Uma das poucas coisas que me sobrou além do medo, da visão e do tato, foi a capacidade de ouvir, acredite, eu não queria ter ficado com essa capacidade. Meu medo acelera, meu pranto e minha agonia também. Eu tento gritar, mas não posso, é como se eu não tivesse aprendido a falar, eu quero gritar, principalmente agora que homens entraram na sala, mas minha boca está congelada, como se alguém a tivesse costurado. Ouço tiros vindos de outras salas. Eu tento me mexer e sair a correr, mas não há reação, não há nenhuma resposta do meu corpo, não há nada!

Enquanto os meus pensamentos gritam eu faço o máximo de esforço para me mexer, a porta da sala recebeu dez homens, recebeu dez pessoas. Quem sabe treze; não tenho coragem, nem motivos lógicos para contar.

Todos armados, todos com uma cara que era totalmente diferente de todos os contrários que eu já vi na minha vida. Eles estão usando casacos escuros, têm o cabelo raspado em sua maioria e parecem nem ligar para o que estão prestes a fazer: matar. Não ligam para quem vão matar, para que família vão trazer a falta e a tristeza. Não ligam e nunca ligarão.
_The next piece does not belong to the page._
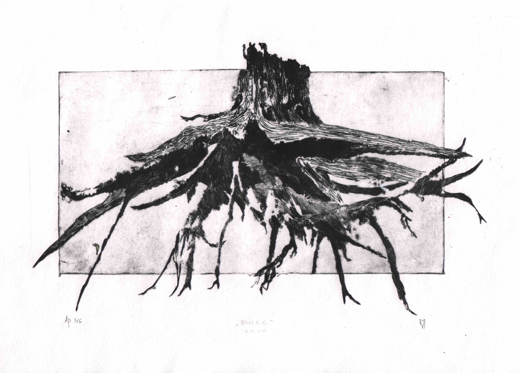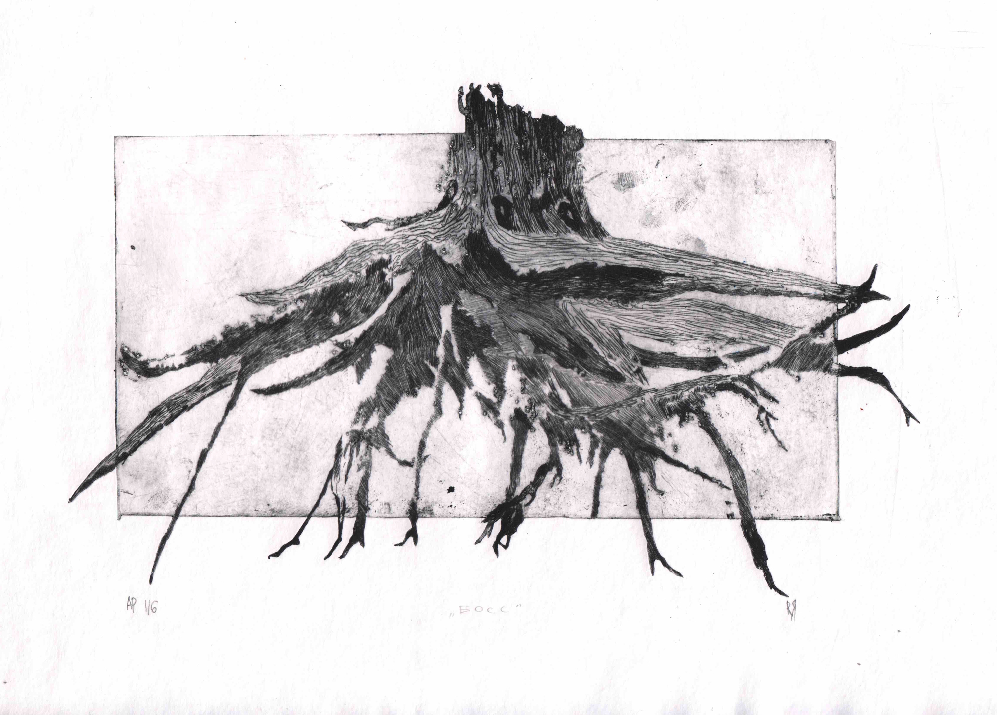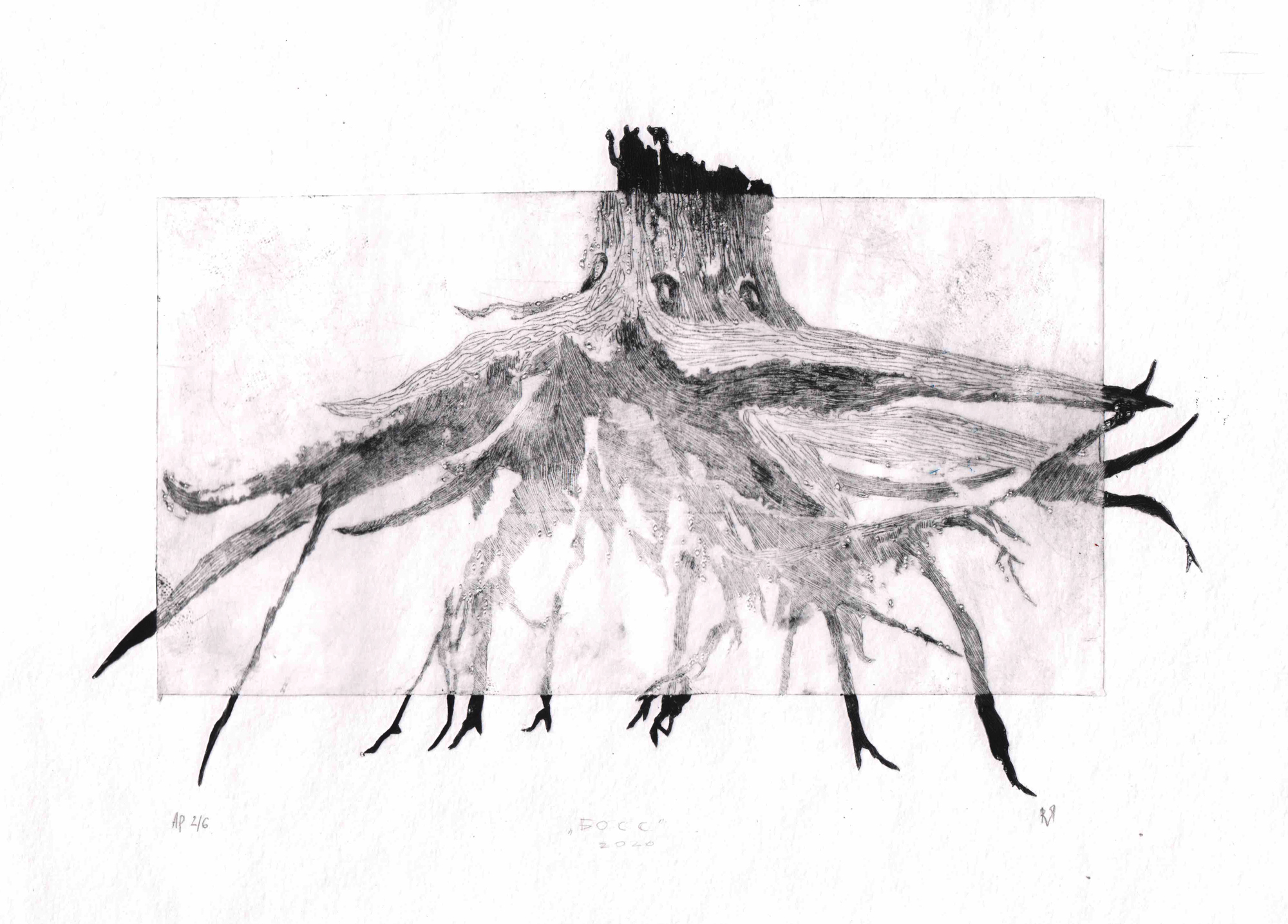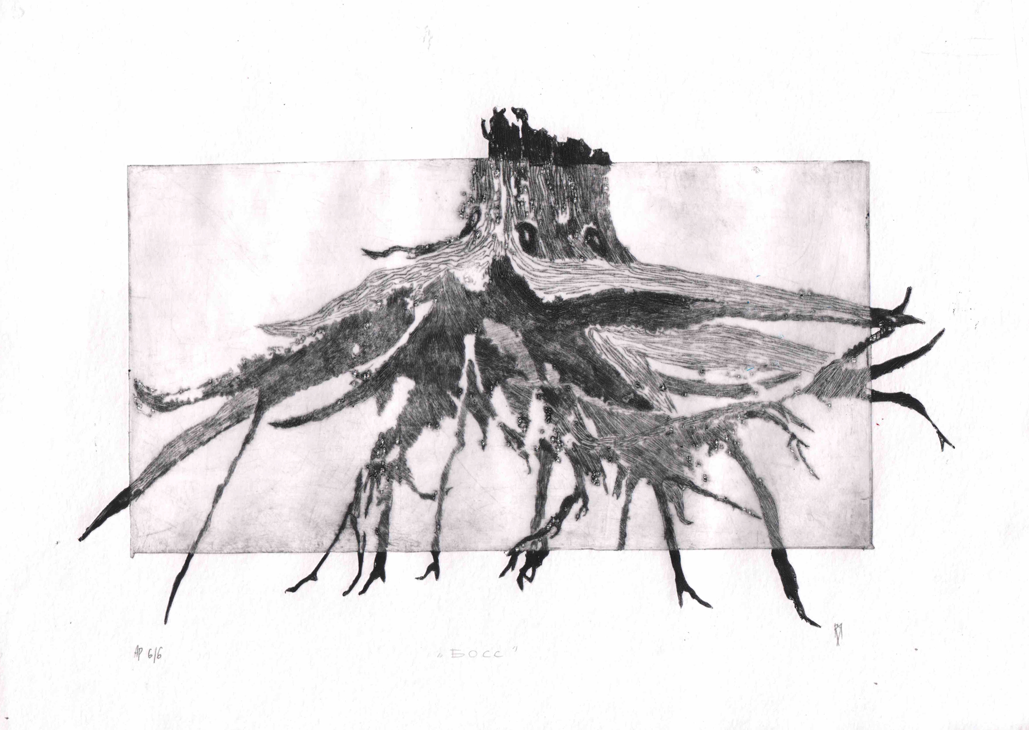 Графика Юлии Каревой была вдохновлена ее летним отдыхом на водохранилище. Художница наблюдала удивительное явление: из-под старых пней разлившийся водоем вымыл всю почву, и только их мощные извилистые корни удерживали на месте остатки некогда могучего леса. Стоя на своих корнях на поверхности земли, старые пни выглядели как инопланетные захватчики.

Um verdadeiro massacre começa, a sangue-frio eles estão sacando as armas e mirando para os corpos paralisados no chão e, sem piedade, sem nenhuma compaixão, puxam o gatilho. Um tiro seguido do outro, uma morte seguida da outra. Uma família acaba de perder um integrante, agora duas, três, seis...

Não há piedade, tudo aqui virou uma enorme poça de sangue fresco, sangue inocente derramado por pessoas que nem sabemos quem são.

Me vejo em apuros, uma arma está apontada para mim. Meu último suspiro? Tudo o que faço é fechar os olhos e pensar na minha irmã. Pensar como eu farei falta para ela e pensar em como ela terá de se virar sozinha. Ainda que eu tente gritar por piedade a minha voz não sai, ela está paralisada como todo o resto do meu corpo. E num piscar de olhos a arma dispara e o som desta ecoa pela sala. O tiro atinge abaixo de meu peito, perto da barriga, e uma enorme dor toma conta de mim.